As you can well imagine, the next few days are spent making appointments, going to appointments, lots of talking, lots of lots of things. Mom is taking him to appointments, I should really be there too, but I’m not. I’m trying to focus on some school work and I’m having a hard time with some of it. I know… I sound like an insensitive dick. IT WAS NOT MY BEST MOMENT. I MADE A VERY SERIOUS ERROR IN JUDGEMENT. BUT, nothing means more to me than my kids. NOTHING. I will say… hindsight is 20/20. This would turn out to be the catalyst for my downward spiral… I’m still in it, by the way…

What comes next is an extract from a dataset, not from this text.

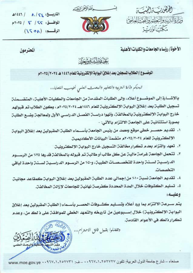 شاهد: صنعاء | تعميم وزاري بشأن الطلاب المسجلين بعد اغلاق البوابة الإلكترونية للعام الجامعي ١٤٤٦ﮪ ـ ٢٠٢٥/٢٠٢٤م.

So a week since the ER trip… tensions in the house are so palpable, you can actually taste it… feel it. It’s everywhere in the house. Everyone is on edge. Concern and emotions are running high. Thursday night, right before 1130pm… getting ready for bed and I look at the wife. She’s in bed, but looks pained… distraught… definitely upset about something. Youngest is in our bathroom showering. I ask, “Hey, babe, you okay?” “No, I’m not okay,” she says. “Okay, you wanna talk about it?” “After he gets out of the bathroom.” So, he finished his shower, give him a hug and tell him goodnight. Door closes to the bedroom, and we start talking. I get an earful. About EVERYTHING this past week. I feel the weight of her words, and at that moment, I knew I had made some very poor decisions. I’m sorry. I’m so sorry. I made a mistake and I absolutely should have been at those appointments. I get it. I’ll do better. I promise. I will not let either of you down again. I’m here for ALL of us. More arguing, more words. More disappointment. More let downs. More failings as a father and husband. more… More… MORE… MORE. I say, “It sounds like… we’re done.” She replies, “Yeah, I think so.”
That was exactly one week ago today. A lot has happened in this past week too. Lots of emotions, lots of self-reflection, lots of making sure that kid has what he NEEDS, lots of energy… both being spent and absorbed, lots of… lots of… LOTS OF EVERYTHING. But much focus has been brought forth. And it is definitely needed for myself and my family.